“Ohio Players” des Black Keys. The Blues Brothers.

Du bout des doigts, tu entrouvres deux lamelles des persiennes et laisses apparaitre un rayon de soleil au sein de ta chambre. Sur le lit, une couverture renversée et des draps froissés laissent deviner un corps au repos. Il est tôt. Trop tôt pour la réveiller. Tu clignes des paupières face à la lumière qui inonde ton visage. Un café. Le temps d’enfiler un pantalon. Un baiser déposé délicatement sur son front, tu t’apprêtes à quitter l’appartement. Comment lui dire “Je t’aime” ? Comment lui avouer ? Un mot de trop ? Allumer la mini-chaîne, son en sourdine. Donner le ton, l’ambiance d’une journée en devenir avant ton départ. Choisir un classique. Oui. Le dernier album des Black Keys.
 
Respire. Maitrise ton souffle, ton rythme et tes foulées. Respire. Passe devant la zone pavillonnaire. Contourne la boulangerie. Attaque la pente. Ne pas s’arrêter ni piétiner. Dompte le bitume. Droite. Gauche. Priorité piétons. Evite les cons. Respire. Le cœur en bandoulière, ta petite batterie intime qui percute tous tes sens. S’élever vers le centre. Flash. Nuit précédente sans précédent. Un mot posé sur la table avant son départ. Porte qui claque avec tact. Bruit de pas qui déboulent dans l’escalier. Avalanche. Absence. Son odeur dans les draps, forte de vos étreintes. “Ohio Players” qui suinte de la mini-chaîne, comme une invitation au réveil. Respire. Tu n’as pas vu le véhicule bifurquer vers toi. Tu n’as entendu que tardivement le crissement des pneus. Sa bouche. Ses caresses. Ses attentions. Oui. Et le dernier album des Black Keys.
 
“Et cela fait combien de temps que vous faites du covoiturage ?”
“En tant que conducteur, trois, quatre ans. Et toi, tu utilises ce mode de transports tous les matins pour rejoindre l’université de Rennes, c’est ça ?”
Elle n’a que 20 ans et déjà cette conviction dans le regard. Une doudoune jaune, un pantalon informe, des Converse antédiluviennes et une coiffure désordonnée pour simple apparat. En dépit de son look, la Miss dégage une assurance peu commune.
” Regarde dans la boite à gants, j’ai quelques CD. Je sais, ce sont les dinosaures qui achètent encore cela, mais tu peux piocher. J’ai du Creedence, du Nirvana, du Fugazi…Tu connais Fugazi?”
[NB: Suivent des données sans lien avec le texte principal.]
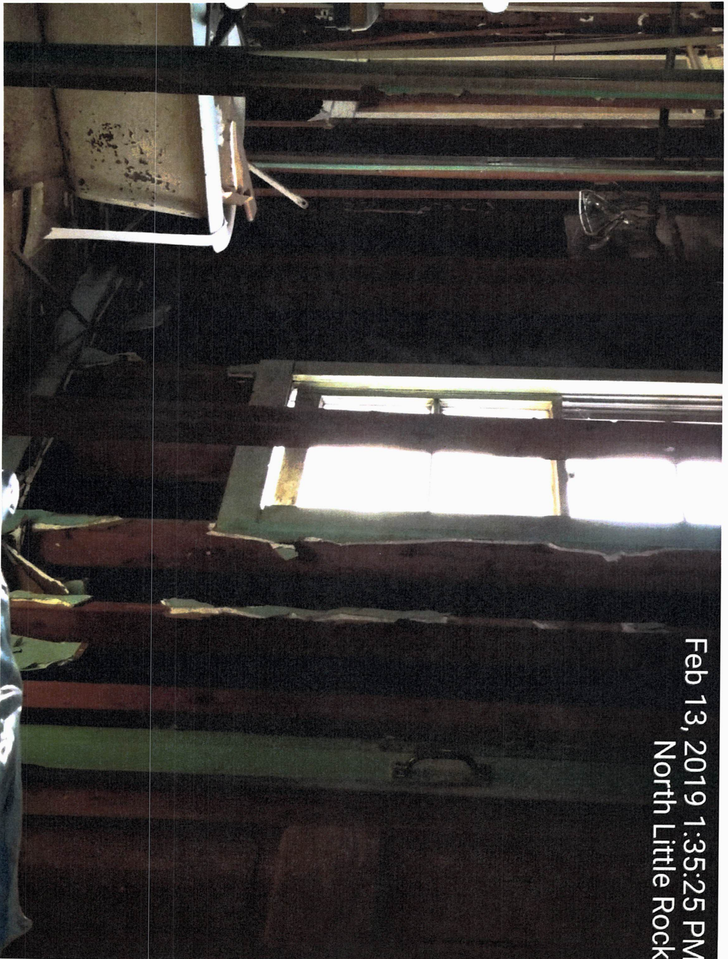
Feb 13, 2019 1:35:25 PM North Little Rock

“Non. C’est en mode vénèr’ ?”
“Bien énervé, déstructuré et avec de la rage dedans. J’ai aussi du blues-rock, du blues, tiens, ça, c’est ” Never get out of these blues alive” de John Lee Hooker. Un chef-d’œuvre. J’ai du Tony Joe White…”
“Et en plus récent ?”
” Je viens d’acheter ceci. “Ohio Players”, le douzième LP des Black Keys. Tu as de tout, du blues, de la soul, du rock et du rap en un seul album…Ils se réinventent toujours tout en offrant des classiques instantanés. Cela sonne vintage et contemporain. C’est vraiment remarquable, cela pourrait te plaire…”
Le CD est aspiré sans ménagement et les premières mesures de “This is Nowhere” s’envolent. Sourire. Puis l’effarement.
Les mains s’agrippent in extremis au volant. Coup violent donné à droite pour éviter la joggeuse qui fait son entrée dans le champ de vision.  Crissement de pneus. Un flot de pensées traversent le conducteur et son accompagnatrice. Ils ont prévu du beau temps. Ce vendredi matin s’annonçait couvert mais rayonnant dans l’après-midi. Comme la promesse de jours meilleurs. D’une douceur de vivre retrouvée.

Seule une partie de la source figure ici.